__Supplied records__:
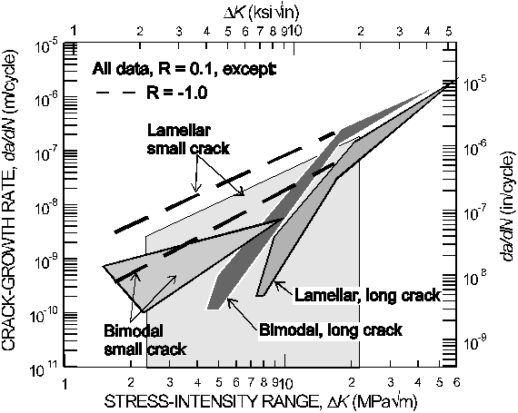Damage tolerant approaches to fatigue design commonly employ crack propagation rates measured for long cracks (e.g., crack size, a > 5 mm). Given the widely reported disparity between long and small (a < 0.5 - 1.0 mm) fatigue cracks [1-4], this approach must be deemed non-conservative. Indeed, a pronounced small-crack effect has been observed in Ti-6Al-4V (wt. %) with a variety of microstructures, with small cracks exhibiting i) faster propagation rates than long cracks at equivalent DK and ii) significant crack-growth rates at applied DK below the long-crack DKTH. In Figure 1, this point is illustrated using a compilation of literature data [5-9] for propagation rates of small, semi-elliptical surface cracks and long, through-thickness cracks in Ti-6Al-4V exhibiting both fully lamellar and bimodal (equiaxed primary a in a transformed b matrix) microstructures. In addition to clearly demonstrating the presence of a small-crack effect, Figure 1 also reveals that the relative fatigue-crack propagation resistance of these two common Ti-6Al-4V microstructures is dependent on defect size. In the case of long, through-thickness cracks, fully lamellar microstructures exhibit superior cyclic crack growth properties, with higher DKTH and lower growth rates at equivalent DK than the bimodal microstructures. Conversely, for small crack sizes (full surface crack length, 2c ~ 5-500 mm), the bimodal microstructures are better, with lower growth rates at equivalent values of DK. Additionally, small crack propagation rates in the lamellar microstructure exhibit far greater scatter. Although such small crack behavior has been well documented for constant amplitude, mode I loading on naturally initiated flaws, a detailed examination of this behavior is needed under the aforementioned surface and loading conditions which characterize gas-turbine engine HCF.
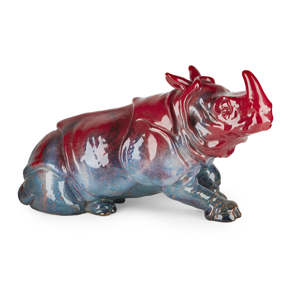 HN615, VEINED FLAMBÉ FIGURE OF A RHINO, MID-20TH CENTURY
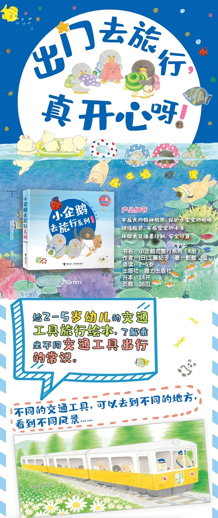 碧蓝的大海、壮观的鱼群、好吃的野餐……快来和小企鹅姐弟一起,快快乐乐地坐着轮船去旅行吧!
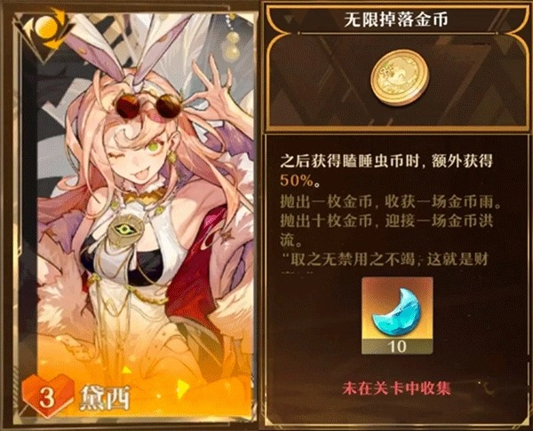 5、暴富之梦黛西: 【无限掉落金币】:个人非常推荐,特别是【暴富之梦黛西】有个回响能依据瞌睡虫币增加伤害,就算不选这个回响,也绝对是稳赚的。
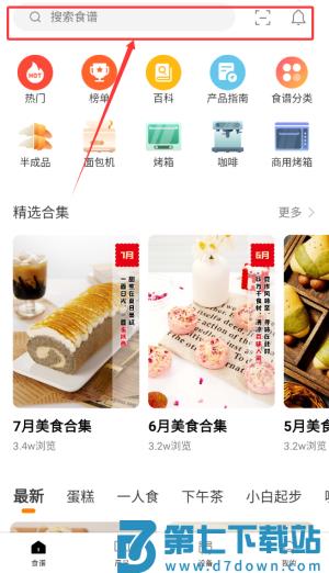 1、在首页顶部设有搜索框,便于快速查找所需食谱或相关饮食内容。
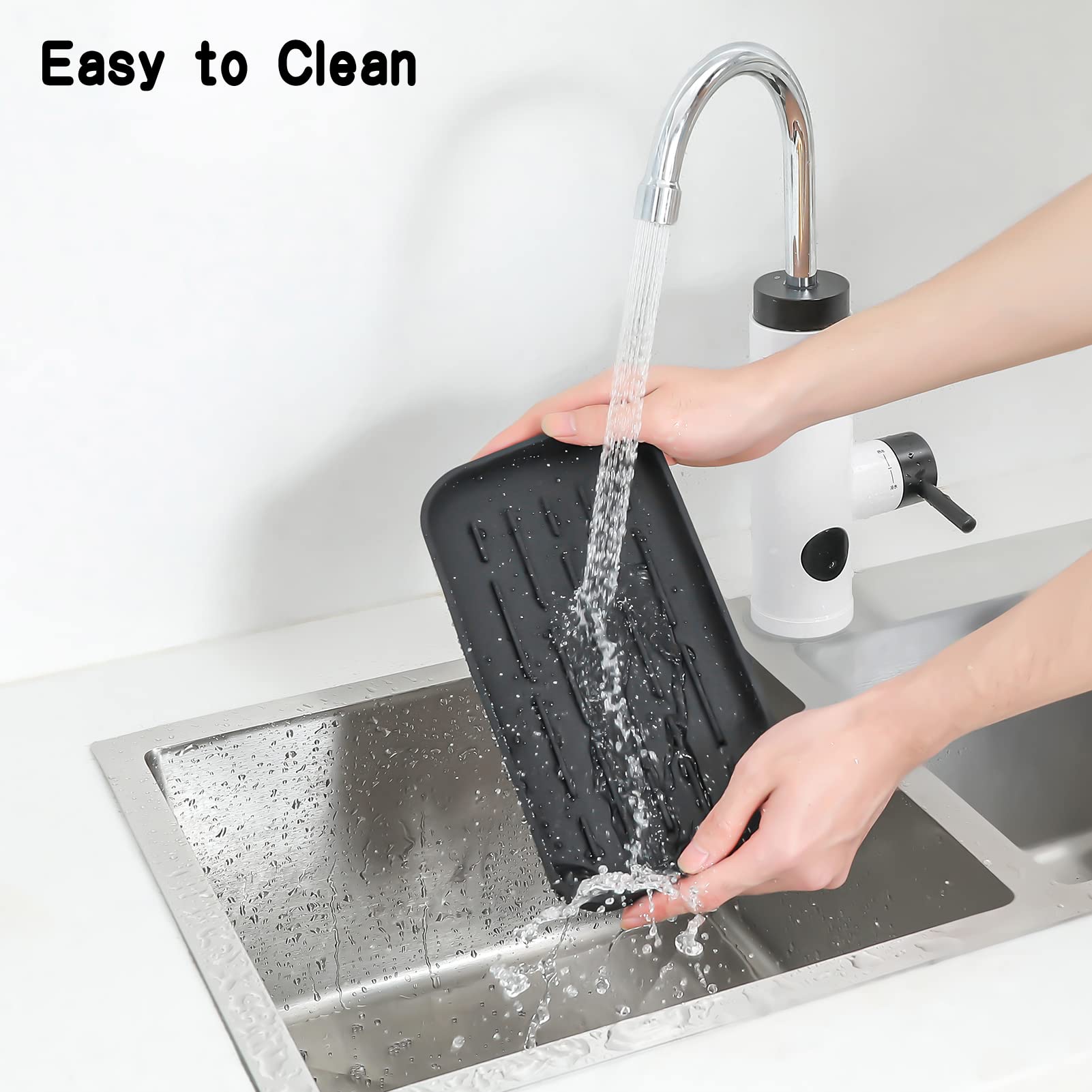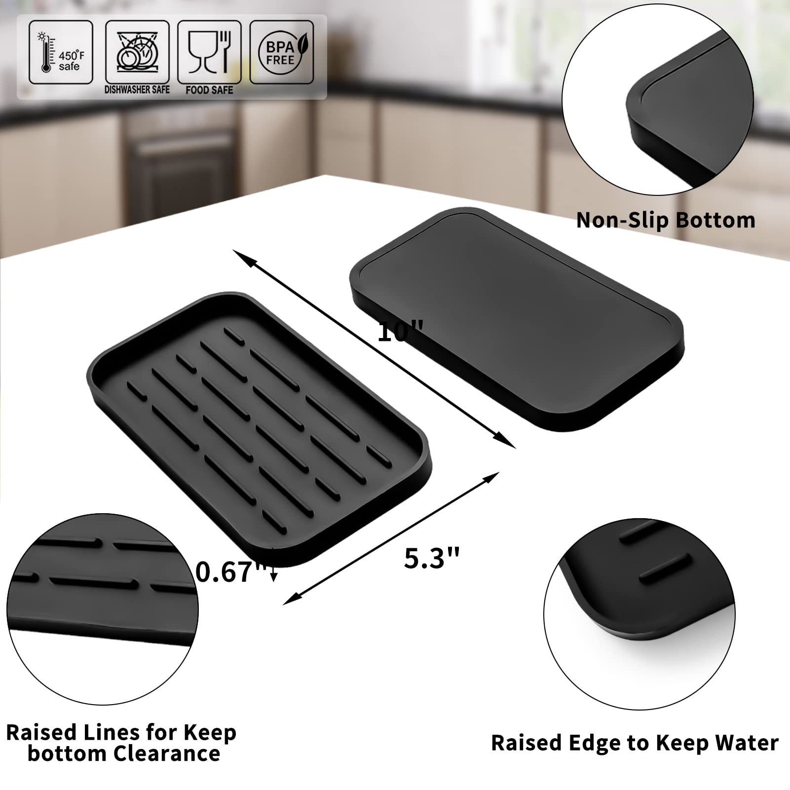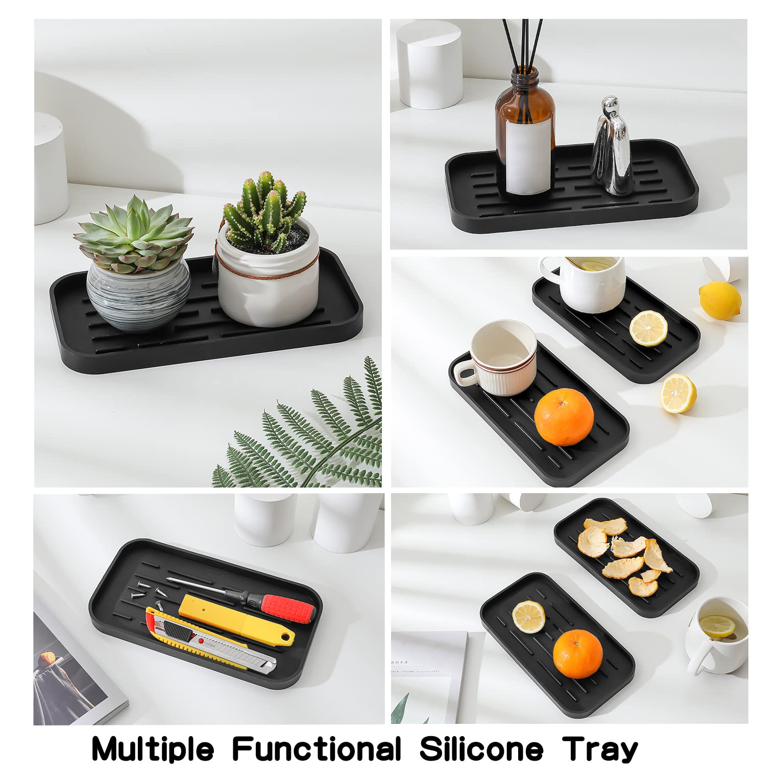 RAISED EDGE & NON-SLIP BOTTOM:The non-slip bottom design can make the silicone organizer tray stable on the sink or countertop.The 0.67-inch high raised edge keeps water or other dirt overflow to keep your counter clean.

__Task statement__:
With the pictures left out, transcribe the material exactly.

__Written reply__:
Damage tolerant approaches to fatigue design commonly employ crack propagation rates measured for long cracks (e.g., crack size, a > 5 mm). Given the widely reported disparity between long and small (a < 0.5 - 1.0 mm) fatigue cracks [1-4], this approach must be deemed non-conservative. Indeed, a pronounced small-crack effect has been observed in Ti-6Al-4V (wt. %) with a variety of microstructures, with small cracks exhibiting i) faster propagation rates than long cracks at equivalent DK and ii) significant crack-growth rates at applied DK below the long-crack DKTH. In Figure 1, this point is illustrated using a compilation of literature data [5-9] for propagation rates of small, semi-elliptical surface cracks and long, through-thickness cracks in Ti-6Al-4V exhibiting both fully lamellar and bimodal (equiaxed primary a in a transformed b matrix) microstructures. In addition to clearly demonstrating the presence of a small-crack effect, Figure 1 also reveals that the relative fatigue-crack propagation resistance of these two common Ti-6Al-4V microstructures is dependent on defect size. In the case of long, through-thickness cracks, fully lamellar microstructures exhibit superior cyclic crack growth properties, with higher DKTH and lower growth rates at equivalent DK than the bimodal microstructures. Conversely, for small crack sizes (full surface crack length, 2c ~ 5-500 mm), the bimodal microstructures are better, with lower growth rates at equivalent values of DK. Additionally, small crack propagation rates in the lamellar microstructure exhibit far greater scatter. Although such small crack behavior has been well documented for constant amplitude, mode I loading on naturally initiated flaws, a detailed examination of this behavior is needed under the aforementioned surface and loading conditions which characterize gas-turbine engine HCF.
 HN615, VEINED FLAMBÉ FIGURE OF A RHINO, MID-20TH CENTURY
 碧蓝的大海、壮观的鱼群、好吃的野餐……快来和小企鹅姐弟一起,快快乐乐地坐着轮船去旅行吧!
 5、暴富之梦黛西: 【无限掉落金币】:个人非常推荐,特别是【暴富之梦黛西】有个回响能依据瞌睡虫币增加伤害,就算不选这个回响,也绝对是稳赚的。
 1、在首页顶部设有搜索框,便于快速查找所需食谱或相关饮食内容。
 RAISED EDGE & NON-SLIP BOTTOM:The non-slip bottom design can make the silicone organizer tray stable on the sink or countertop.The 0.67-inch high raised edge keeps water or other dirt overflow to keep your counter clean.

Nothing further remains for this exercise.